** WHAT NEEDS TO BE DONE **
Return, with both end lines included, exactly what the data below holds from the line with "Fin Name It" through the line with "加えて、「売れる」接客フロー", though not the pictures.

** INFORMATION SUPPLIED **
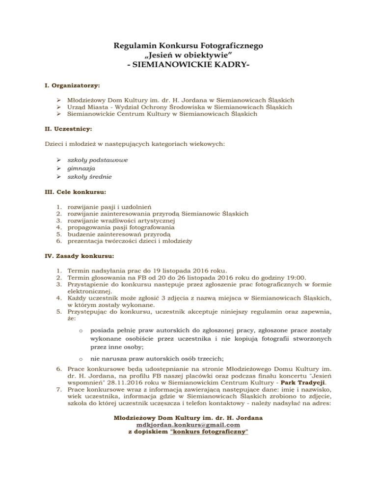 Regulamin Konkursu Fotograficznego „Jesień w obiektywie” - SIEMIANOWICKIE KADRYI. Organizatorzy: Młodzieżowy Dom Kultury im. dr. H. Jordana w Siemianowicach Śląskich Urząd Miasta - Wydział Ochrony Środowiska w Siemianowicach Śląskich Siemianowickie Centrum Kultury w Siemianowicach Śląskich II. Uczestnicy: Dzieci i młodzież w następujących kategoriach wiekowych: szkoły podstawowe gimnazja szkoły średnie III. Cele konkursu: 1. 2. 3. 4. 5. 6. rozwijanie pasji i uzdolnień rozwijanie zainteresowania przyrodą Siemianowic Śląskich rozwijanie wrażliwości artystycznej propagowania pasji fotografowania budzenie zainteresowań przyrodą prezentacja twórczości dzieci i młodzieży IV. Zasady konkursu: 1. Termin nadsyłania prac do 19 listopada 2016 roku. 2. Termin głosowania na FB od 20 do 26 listopada 2016 roku do godziny 19:00. 3. Przystąpienie do konkursu następuje przez zgłoszenie prac fotograficznych w formie elektronicznej. 4. Każdy uczestnik może zgłosić 3 zdjęcia z nazwą miejsca w Siemianowicach Śląskich, w którym zostały wykonane. 5. Przystępując do konkursu, uczestnik akceptuje niniejszy regulamin oraz zapewnia, że: o posiada pełnię praw autorskich do zgłoszonej pracy, zgłoszone prace zostały wykonane osobiście przez uczestnika i nie kopiują fotografii stworzonych przez inne osoby; o nie narusza praw autorskich osób trzecich; 6. Prace konkursowe będą udostępnianie na stronie Młodzieżowego Domu Kultury im. dr. H. Jordana, na profilu FB naszej placówki oraz podczas finału koncertu "Jesień wspomnień" 28.11.2016 roku w Siemianowickim Centrum Kultury - Park Tradycji. 7. Prace konkursowe wraz z informacją zawierającą następujące dane: imię i nazwisko, wiek uczestnika, informacja gdzie w Siemianowicach Śląskich zrobiono to zdjęcie, szkoła do której uczestnik uczęszcza i telefon kontaktowy - należy nadsyłać na adres: Młodzieżowy Dom Kultury im. dr. H. Jordana [email protected] z dopiskiem "konkurs fotograficzny" V. Zasady rozstrzygnięcia konkursu: 1. Zgłoszone zdjęcia będą poddane ocenie użytkowników FB w 3 kategoriach wiekowych, w każdej kategorii zostanie wyłoniony laureat. 2. W każdej kategorii wiekowej zostanie nagrodzone zdjęcie, które uzyskało największą ilość polubień na FB. 3. Wyniki konkursu będą ogłoszone na stronie Młodzieżowego Domu Kultury im. dr. H. Jordana oraz na profilu FB. 4. Laureaci o wynikach konkursu zostaną poinformowani 28 listopada 2016 roku i zostaną nagrodzeni podczas koncertu finałowego "Jesień wspomnień", który odbędzie się o godzinie 16:00 w Siemianowickim Centrum Kultury - Park Tradycji ul. Orzeszkowej 12 w Siemianowicach Śląskich. VI. Postanowienia końcowe: 1. Udział w konkursie jest równoznaczny z wyrażeniem zgody na wykorzystanie danych osobowych uczestnika. 2. Organizator nie ponosi odpowiedzialności za naruszenie praw autorskich osób trzecich przez uczestnika konkursu. 3. Niniejszy regulamin dostępny jest na stronie internetowej oraz na FB.
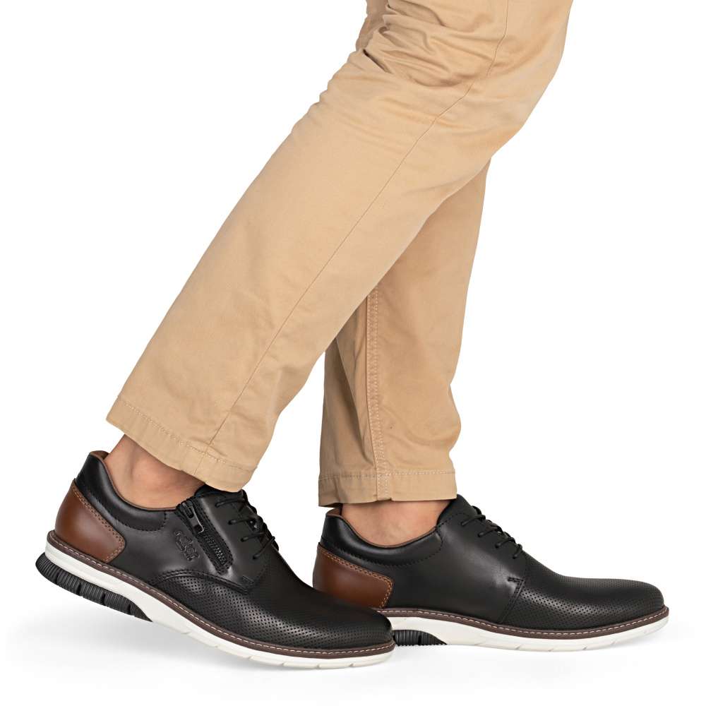 Tyto pánské polobotky RIEKER představují nadčasovou klasiku v moderním provedení, která by rozhodně neměla chybět v žádném šatníku stylového muže. Jejich svršek v černém odstínu působí sofistikovaně, zatímco minimalistický vzor a barevně kontrastní prvek v zadní části zvýrazní jedinečný charakter tohoto modelu. Klasické šněrování a zip v části nártu umožňují snadné a rychlé obouvání, přičemž se bota dokonale přizpůsobí tvaru nohy, aby vám poskytla stabilitu a jistotu při každém kroku. Vnitřní kožená stélka přináší vyjímečné pohodlí, díky kterému se budete cítit komfortně i při celodenním nošení. Flexibilní podešev s tlumícím efektem absorbuje nárazy při chůzi, čímž odlehčuje klouby a přispívá k ještě vyššímu komfortu. Navíc svým propracovaným vzhledem zvýrazní osobitost tohoto modelu. Tyto polobotky RIEKER jsou ideální volbou pro každou příležitost - ať už jde o pracovní den v kanceláři nebo volnější outfit do města. Technologie: Antistress – díky čtyřem antistresovým vlastnostem – lehkosti, pružnosti, prostornosti a vynikající absorpci nárazů – vám boty RIEKER nabídnou komfortnější chůzi.
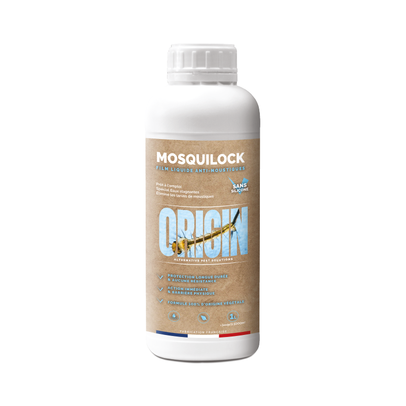 L'ORIGIN Mosquilock est une solution inédite et innovante pour lutter contre le développement des moustiques par action physique. Ce film liquide, formulé à 100% d'origine végétale et sans silicone, s'étale à la surface des eaux stagnantes pour empêcher les larves de respirer. Efficace sur tous les stades larvaires (L1 à L4), il garantit une éradication complète sans utiliser de substances biocides actives.
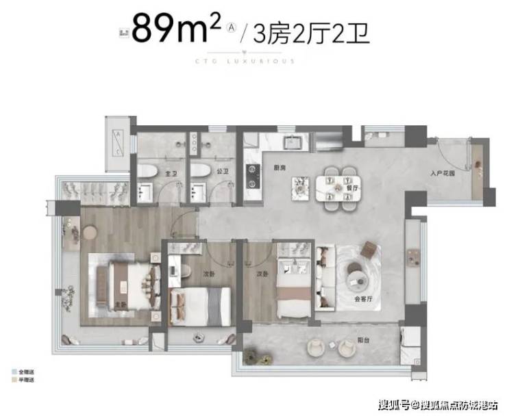户型设计:建面约89㎡三房实现“主卧套房+南北通透”,得房率超85%;143㎡四房配置双主卧套房、7米观景阳台,满足三代同堂需求。
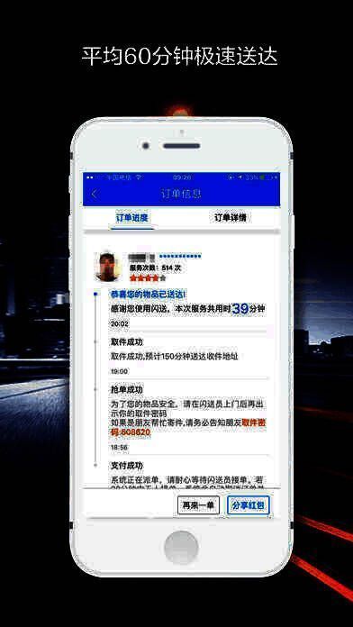闪送作为国内领先的同城速递服务公司,为用户提供全天候的全城代买、代送、跑腿等急件速送服务。通过手机APP下单,1分钟即可响应、10分钟闪送员上门、60分钟全城送达,还能随时随地查看订单轨迹,让你的快件更安全、快捷、省心。目前已在包括北京、上海、广州、深圳等数十个城市开通服务,欢迎下载体验。
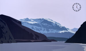 The tunnels become longer and when the road emerged, it would cling to the mountainside almost vertically above the water. Each tunnel had a series of signs which told you increasingly how many kilometres you had come and decreasingly how many were left to go. I suppose this would help you to decide which way to walk out if you broke down, it was also encouraging. I entered a tunnel that counted down from seven kilometres. The usual, slightly grim, excitement of being in a long tunnel turned to impatience but on leaving it I found myself on a narrow ledge in a queue of cars waiting to board a serious looking ferry. The road stopped dead so there was no choice but to pay the tough looking man who sold the tickets and board the ferry., 2004 Dye and an electric clock on nylon on a wooden stretcher
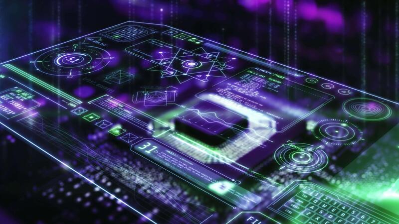 Futuristic CPU and data analysis with charts and keyboard Pro Video
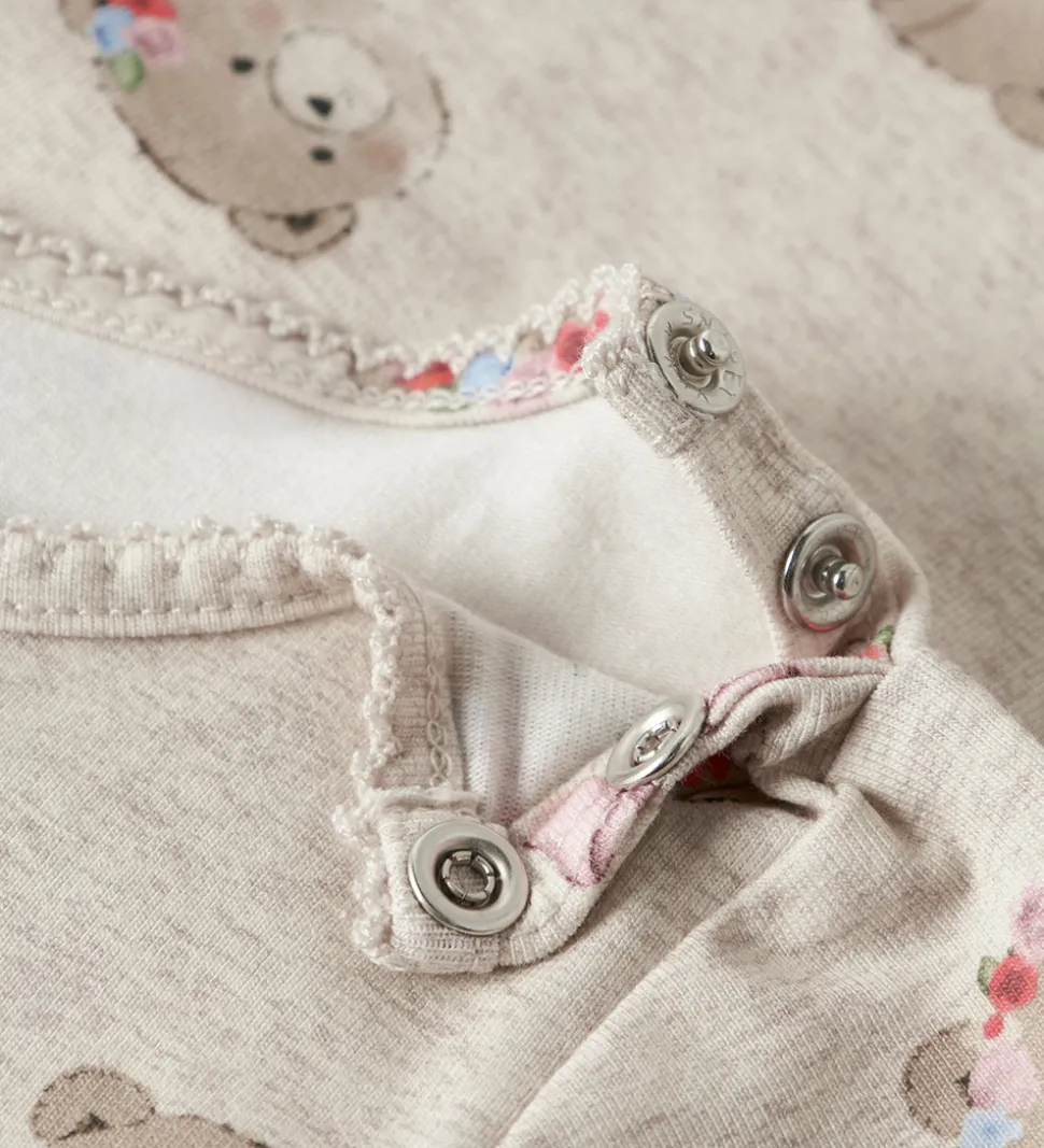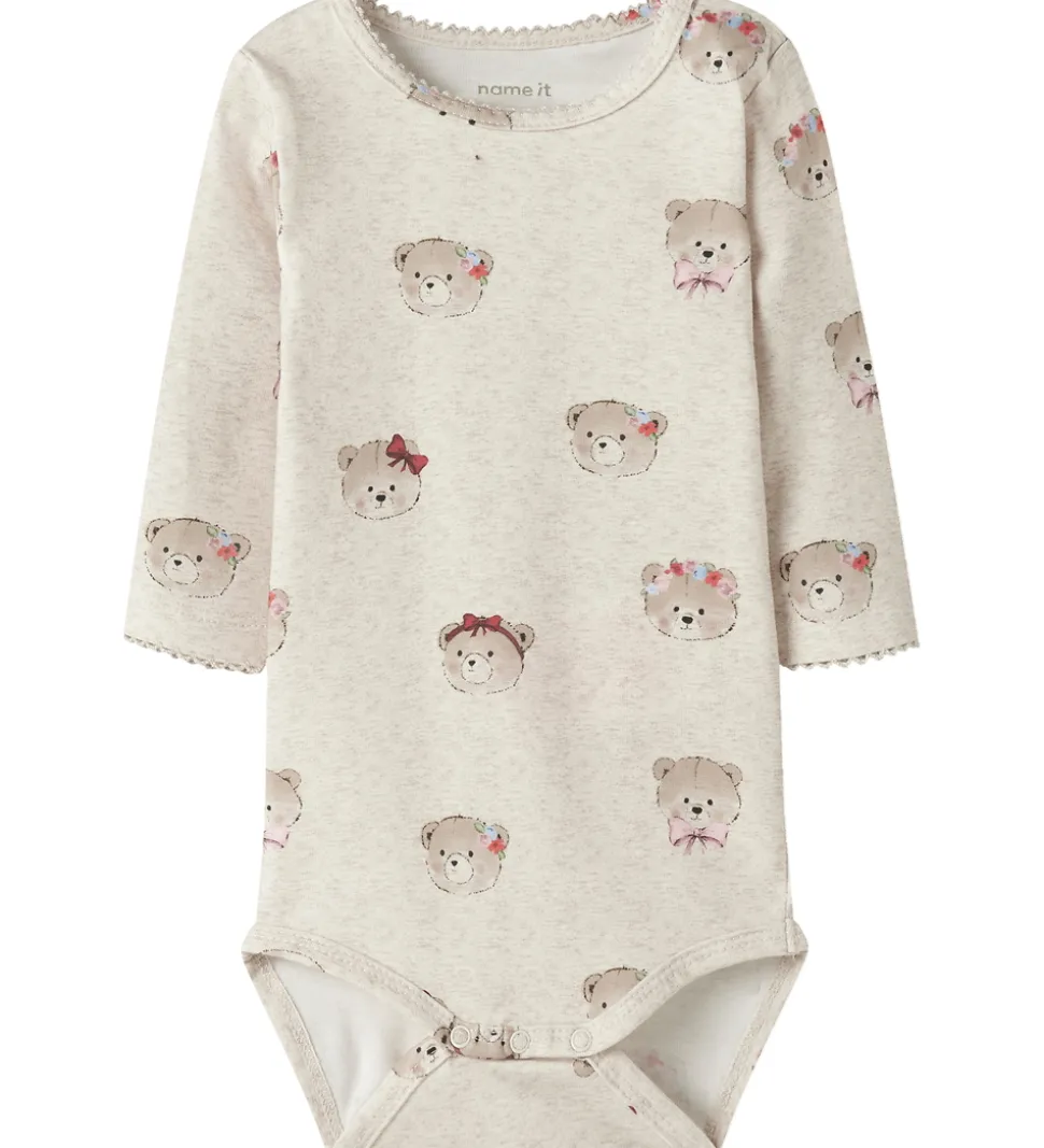 Fin Name It body i meleret beige med et alloverprint af søde bamser. Bodyen har en rund halsudskæring med trykknapper ved venstre skulder og lange ærmer. I hals- og ærmeåbninger er der fine, bølgede kanter. Den lukkes mellem benene med trykknapper.
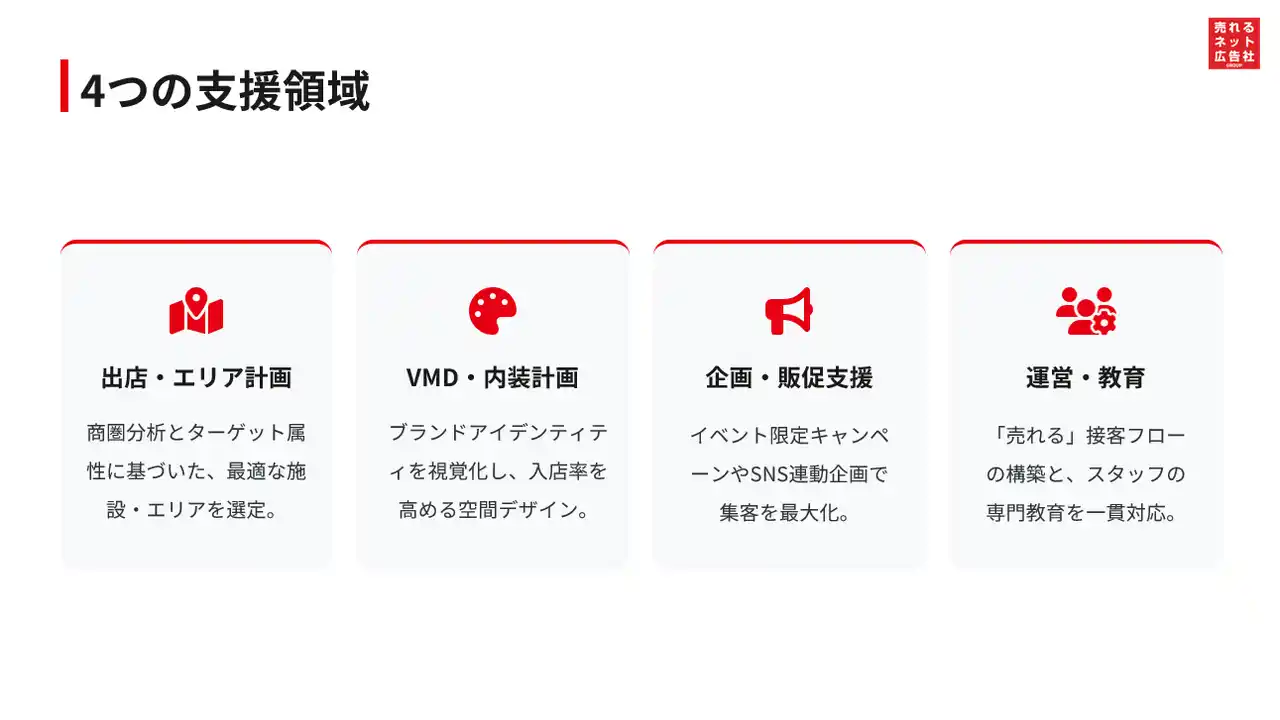 加えて、「売れる」接客フローの構築およびスタッフ教育、現場オペレーションの整備までを一貫して支援し、現場における販売力の最大化を図ります。 |
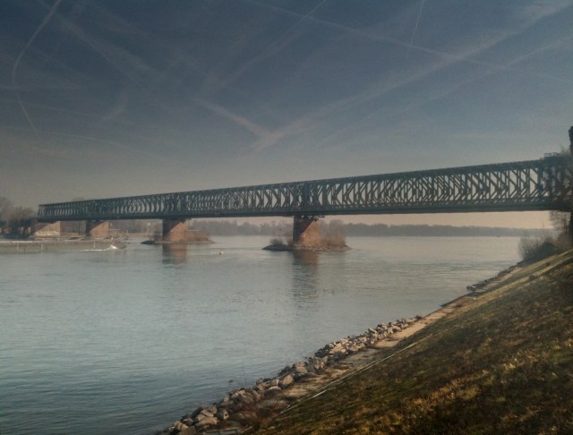 Here be that bridge again with a severe paucity of cumulo-thingies, but a surfeit (that’s the collective noun of the moment) of contrails.
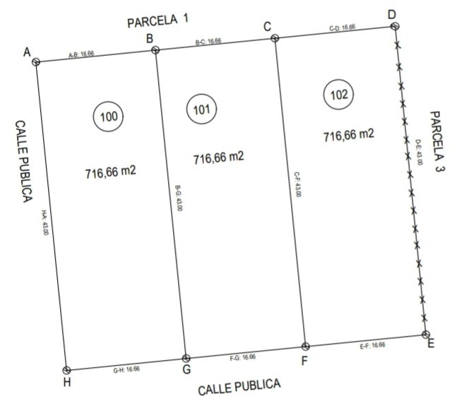 El lote 102 es medial y tiene 716,66m2 de superficie total (16,66 metros de frente x 43,00 metros de fondo). El valor del mismo es USD $21.000 dólares.
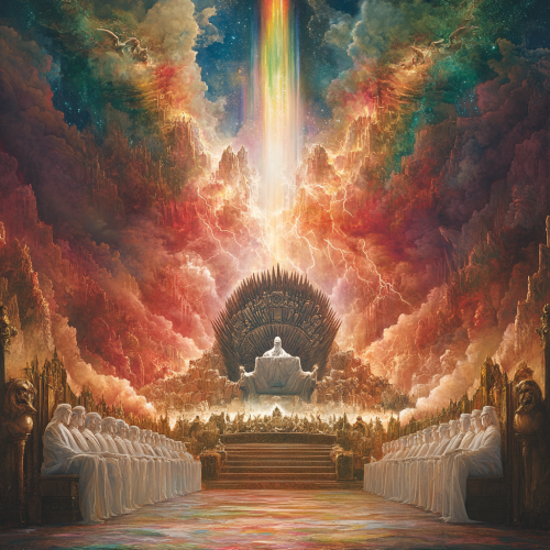 A throne in heaven, and someone sitting on it. The one sitting there looks like gray quartz and red quartz. There is a rainbow around the throne which looks like an emerald. Around that throne are 24 other thrones, and on these thrones sit 24 leaders wearing white clothes. The leaders have gold crowns on their heads. Lightning, noise, and thunder come from the throne. Seven flaming torches burn in front of the throne. In front of the throne, there is something like a sea of glass as clear as crystal. In the center near the throne and around the throne are four living creatures covered with eyes in front and in back. The first living creature is like a lion, the second is like a young bull, the third has a face like a human, and the fourth is like a flying eagle. Each of the four living creatures has six wings and are covered with eyes, inside and out.
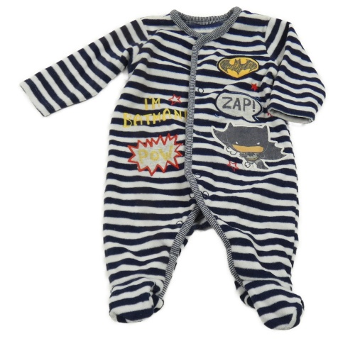 Tmavomodro-biely pruhovaný fleecový overal s Batmanem
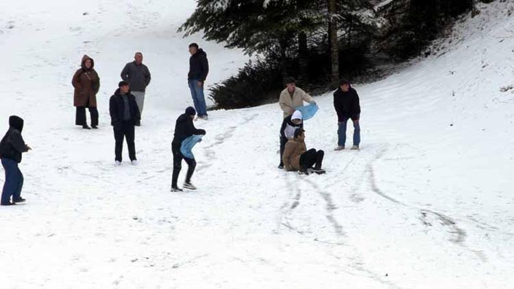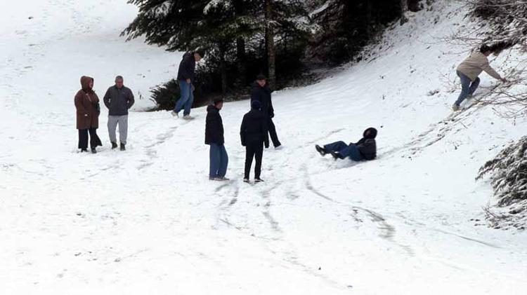 Günü birlik turlarla Abant'a gelen tatilciler kar topu oynayıp poşetlerle karda kayarak eğlendi.
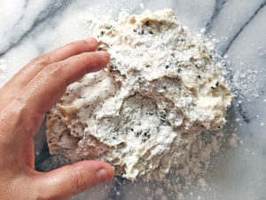 ![]() 9:生地を台に取り出し、再び打ち粉をして軽くまとめたら、スケッパーで2等分します。 |

** YOUR RESPONSE **
 Fin Name It body i meleret beige med et alloverprint af søde bamser. Bodyen har en rund halsudskæring med trykknapper ved venstre skulder og lange ærmer. I hals- og ærmeåbninger er der fine, bølgede kanter. Den lukkes mellem benene med trykknapper.
 加えて、「売れる」接客フローの構築およびスタッフ教育、現場オペレーションの整備までを一貫して支援し、現場における販売力の最大化を図ります。 |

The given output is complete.